= Azman Abdullah =

Singaporean bodybuilder

Azman Bin Abdullah (born 17 June 1963) is a Singaporean bodybuilder.

== Career ==
In 1993, he became the first in Singapore to win a gold medal at the IOC-sanctioned World Games Bodybuilding Championships in the middleweight category, outmuscling 51 of the world's premier bodybuilders. He also won a gold medal at the World Bodybuilding Championships, the same year. His world-class performances won him the best Sportsman of the Year title (for 1993) for the second time. Won Mr. Universe in 1993. Winner of the Mr Singapore title on five occasions and the continent-elite Mr Asia five times from 1989 to 1993, he also scooped the prestigious Asian Pro-Am Classic in 1992, and was a multiple gold medal winner in the Southeast Asian Games in 1989, 1991 and in 1993.

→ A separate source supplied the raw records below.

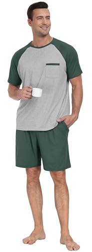 PrinStory Mens Pajama Set Summer Pjs Sleepwear Nightwear Lightweight Quick Dry Soft Short Sleeve Pjs Sleep Set With Pocket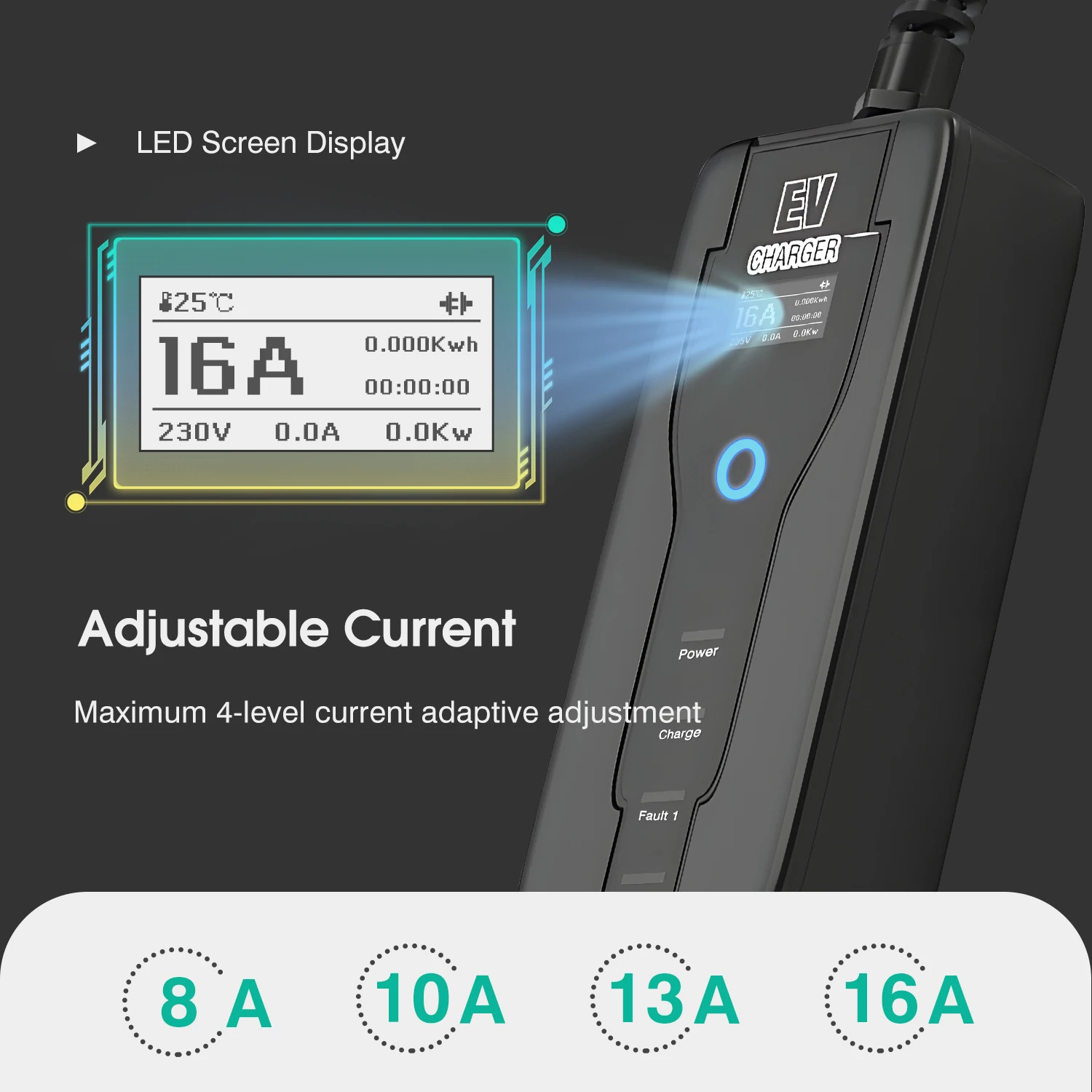 Note: Adjusting the current needs to be done before connecting the electric car.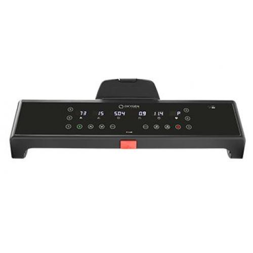 Модель OXYGEN T-COMPACT B имеет весь необходимый набор для проведения эффективных тренировок. Информативная консоль с 6-ю яркими, буквенно-цифровыми LCD-дисплеями, отображает следующие показатели: калории, наклон, время, расстояние, скорость, пульс. Все показатели изменяются при помощи сенсорных кнопок. Во второй модели серии T-COMPACT встроен высокоточный беспроводной приемник для определения пульса и просто комфортной тренировки. Для определения точных показателей пульса рекомендуется использовать телеметрический ремень-передатчик Polar T34. В памяти консоли содержится 19 программ, 15 из которых помогут пользователям начать тренировочный процесс в независимости от их уровня подготовки (быстрая ходьба, легкий бег, аэробная тренировка, темповая тренировка, пересеченная местность, интервальный бег, холмы, гора, сжигание жира, фартлек, выносливость, снижение веса, развитие скорости, долина, бег трусцой). Помимо предустановленных программ, можно воспользоваться регулируемым ручным режимом. Есть и 3 пульсозависимые программы. Подставка для гаджетов имеет специальный регулятор, необходимый для фиксации устройств различных размеров.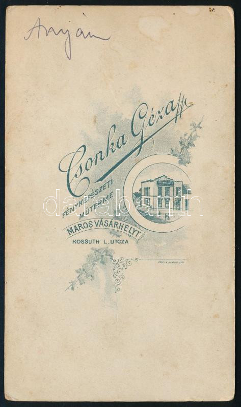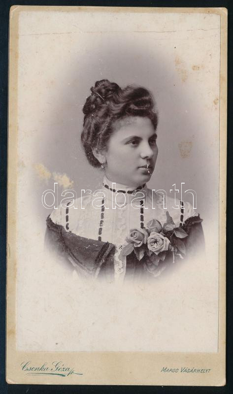 cca 1900 Női portré, keményhátú fotó Csonka Géza marosvásárhelyi műter...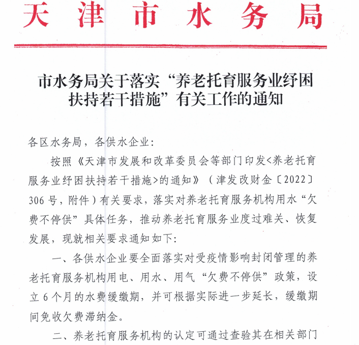 關(guān)于落實“養(yǎng)老托育服務業(yè)紓困扶持若干措施”
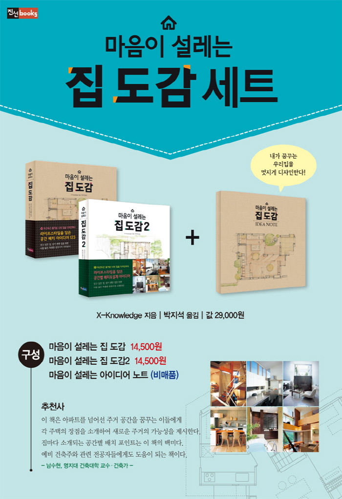 »ì°í ½ÍÀº Áý, »ì±â ÆíÇÑ ÁýÀ» À§ÇÑ ³ª¸¦ ´àÀº Ưº°ÇÑ ÁýÁþ±â°¡ ½ÃÀ۵ȴÙ! ¡¶¸¶À½ÀÌ ¼³·¹´Â Áý µµ°¨¡· 1±Ç¿¡¼ ¶óÀÌÇÁ½ºÅ¸ÀÏ¿¡ µû¸¥ 123°÷ ÁÖÅÃÀÇ °¢ Ãþº° °ø°£ ¹èÄ¡¿¡ ´ëÇØ »ìÆìºÃ´Ù¸é, 2±Ç¿¡¼´Â °Å½Ç, ÁÖ¹æ, ¿å½Ç, ħ½Ç, ¾ÆÀÌ ¹æ µî °ø°£º° ¹èÄ¡¿Í ¼³°è ¾ÆÀ̵ð¾î¸¦ ¼Ò°³ÇÑ´Ù. ¹«·Á 284°¡ÁöÀÇ ÁýÁþ±â ³ëÇϿ츦 »çÁø°ú µµ¸éÀ¸·Î ÀÚ¼¼È÷ ¼³¸íÇÑ ÄÞÆÑÆ®ÇÑ Áý µµ°¨ÀÌ´Ù.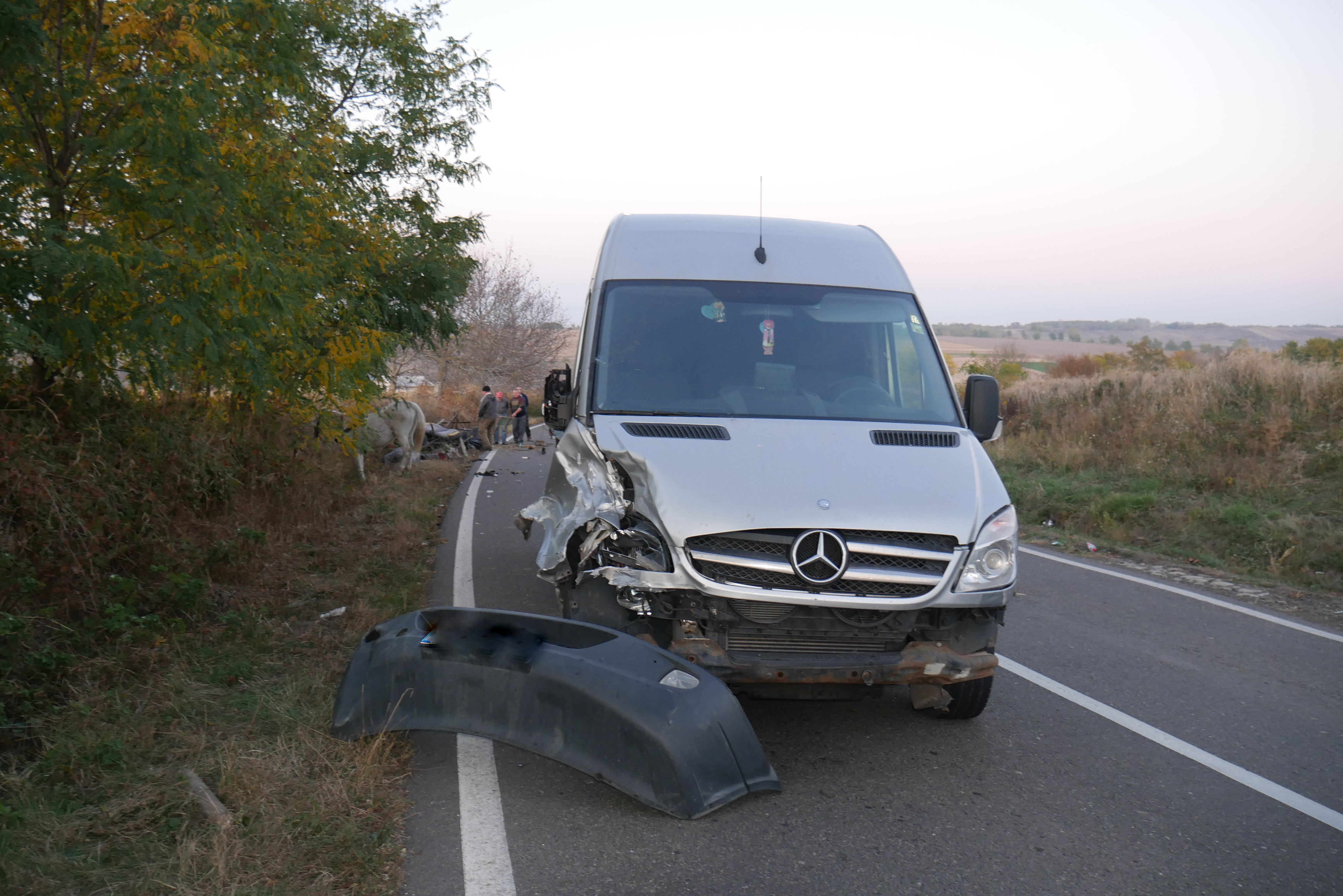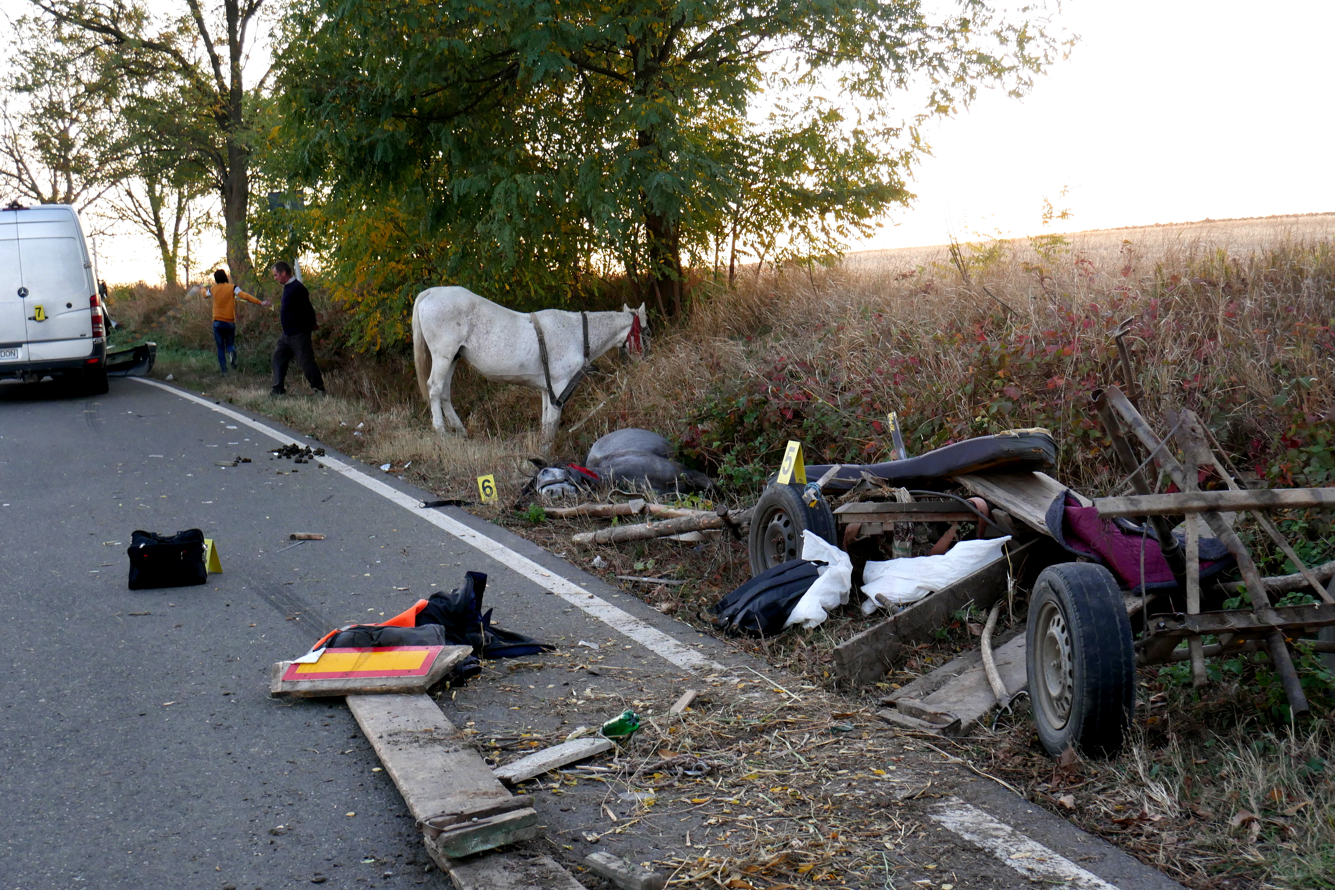 Venea de la vale, avea viteză. L-am observat, i-am făcut semn, a pus frână și a intrat în noi. A aruncat calul în față iar noi ne-am trezit sub mașină. În căruță eram două persoane. Un cal a decedat. Avea viteze, 100-110 km/h. A încercat să ne depășească, venea o mașină din față și nu a mai avut timp. Noroc că noi eram mult pe margine”, a spus căruțașul.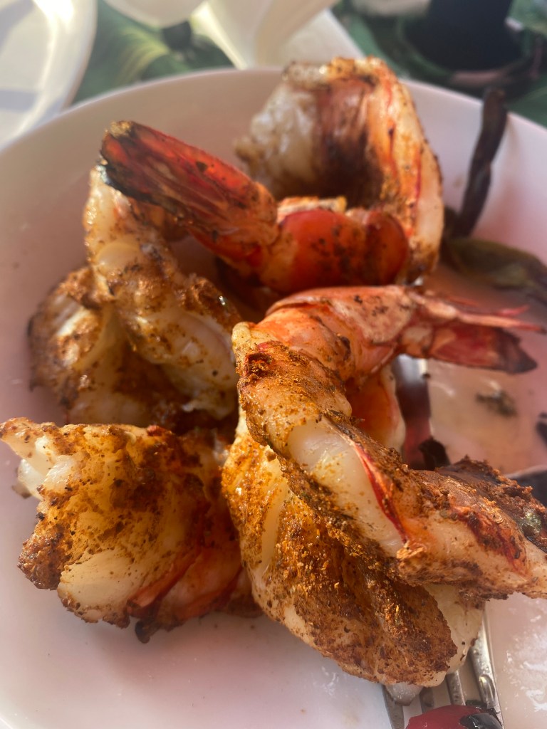 We are lucky to have a great fish monger nearby. For this BBQ, I butterflied colossal shrimps and blackened them. I just sprinkled blackening seasoning over them after butterflying and that’s it! I like the Old Bay Blackening Seasoning.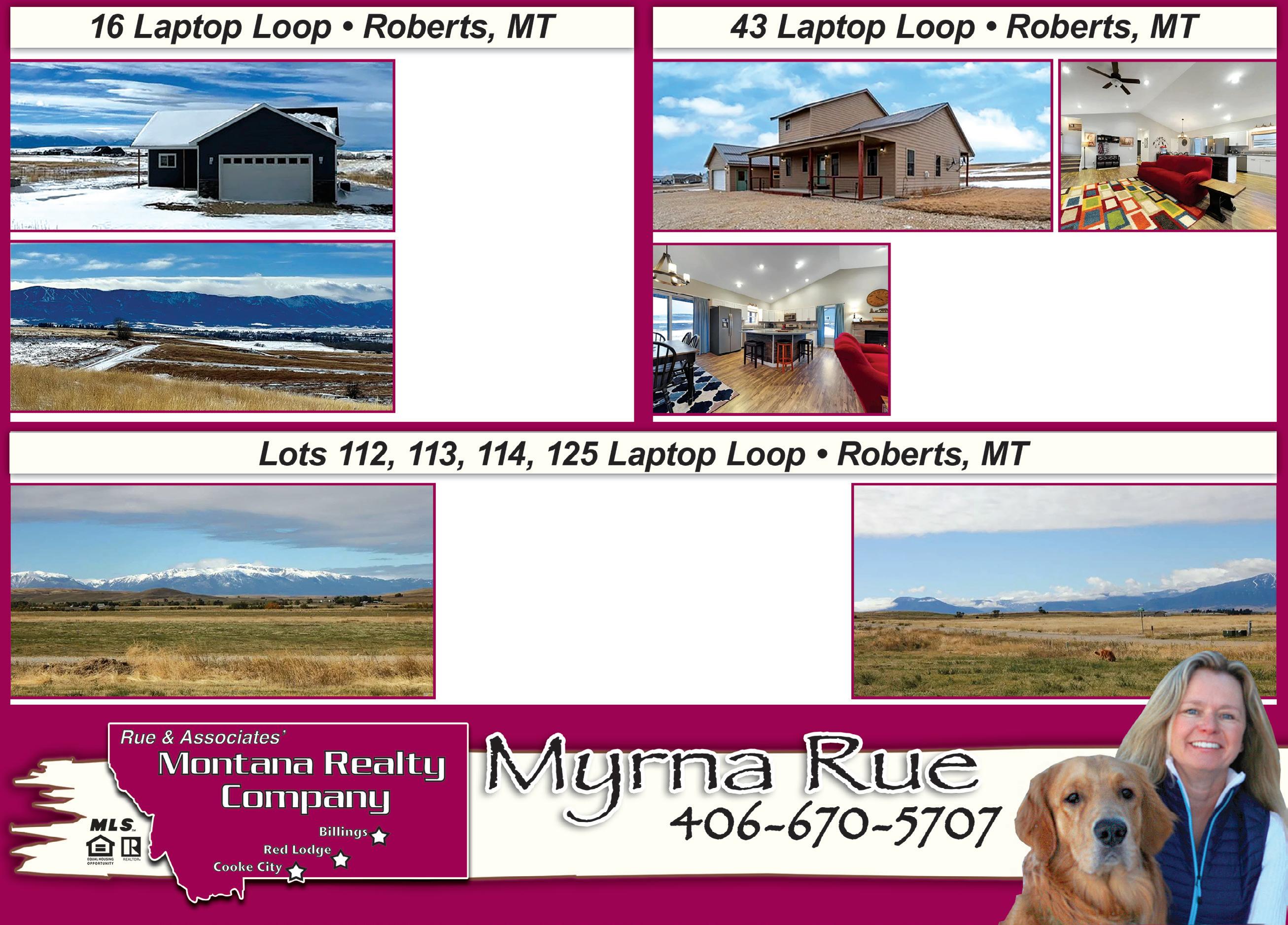 Fantastic view lots in the Dot Calm Subdivision. Close to the bus route for the fantastic Roberts (K-12) school and only 15 minutes to Red Lodge and 40 minutes to Billings. Lots 112 and 114 also available for a larger contiguous lot! Owner financing encouraged!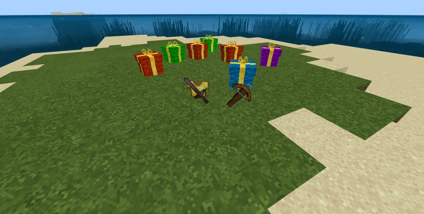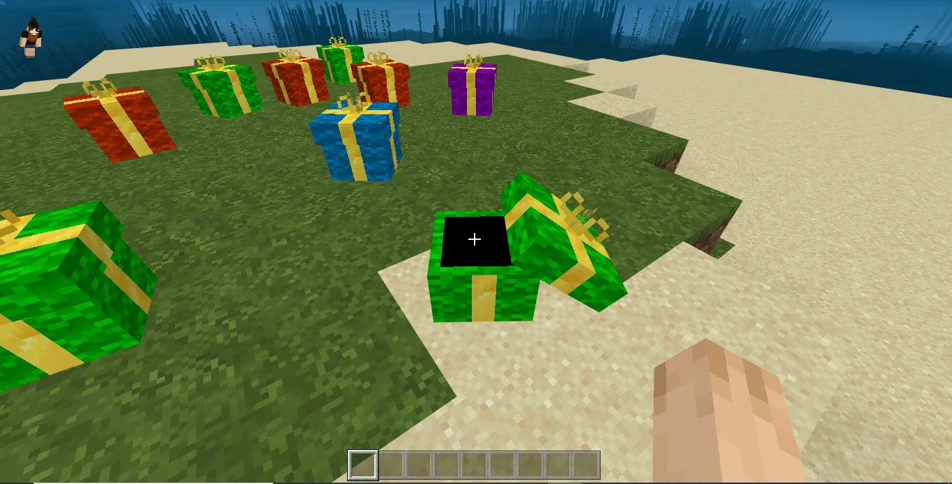 Этот аддон можно использовать как с полным функционалом, так и как украшение. Подарите друзьям что-нибудь приятное. Вы можете положить в подарок любой предмет или блок, уронив его на подарок! Когда вы будете готовы открыть подарок, все, что вам нужно сделать, это пригнуться и нажать правую кнопку мыши, затем подарок откроется, и вы получите свой сюрприз! Вот пример:

In 1993, Azman became the first Singaporean to strike gold in the World Games Bodybuilding Championships. In that very same year, he also won gold in the World Bodybuilding Championships in the middleweight class to become Singapore's first ever IFBB Mr Universe after taking silver the previous year.

He was awarded the Singapore Sports Council's Sportsman of the Year title twice in 1992 and 1993, and an induction into the Singapore Sports Council's Hall of Fame.

In 1993, Azman was awarded the Public Service Medal.

In 1994, Azman turned professional after receiving his card from the International Federation of Bodybuilders.